I Want to Believe, but: Your Email Link Clicks Aren’t Real
Odds are your email reports are lying and telling you more people are clicking on links in your emails than they actually are.
Marketers have been noticing this trend throughout much of 2017 across multiple platforms like Marketo, HubSpot, SalesLoft and others. But why did this start happening—and what steps can you take to make sure you’re getting the most accurate data possible?
The first known instance of this trend started appearing in late spring/early summer 2013 with Barracuda’s email security platform analyzing incoming emails by checking where links resolved—in other words, where your go.email.com/encodedlink link actually lands when you click on it in an email. Barracuda targeted three main ways a URL in an email could be analyzed:
- Is the URL something that’s known to blacklists and should be blocked?
- Does the URL contain a domain that resolves to known spammers or other blacklisted content?
- Is the URL being hidden in a redirect to prevent anti-spam systems from realizing the final destination of the link?

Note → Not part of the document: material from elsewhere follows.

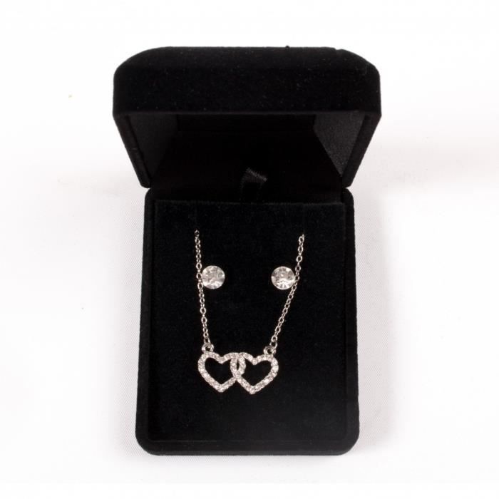 Parure De Bijoux Avec Pendentif 2 Coeurs Entrelaces Chaine Et
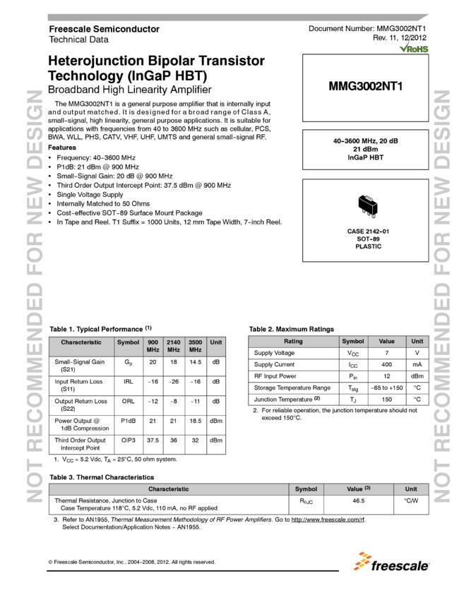 40-3600 MHz, 20 dB, 21 dBm InGaP HBT

The third concept had been a major issue in Internet security around the early 2010s. Spammers would use free shortener services (such as bit.ly) or put a redirecting URL in an email to obscure the actual link someone was being sent to. By following the link to its final destination, Barracuda’s software could figure out whether a link was safe or not.
Over the next several years, many other email service providers (ESPs) and anti-spam filtering systems implemented similar technologies to the point where it’s commonplace amongst most major email providers in 2018.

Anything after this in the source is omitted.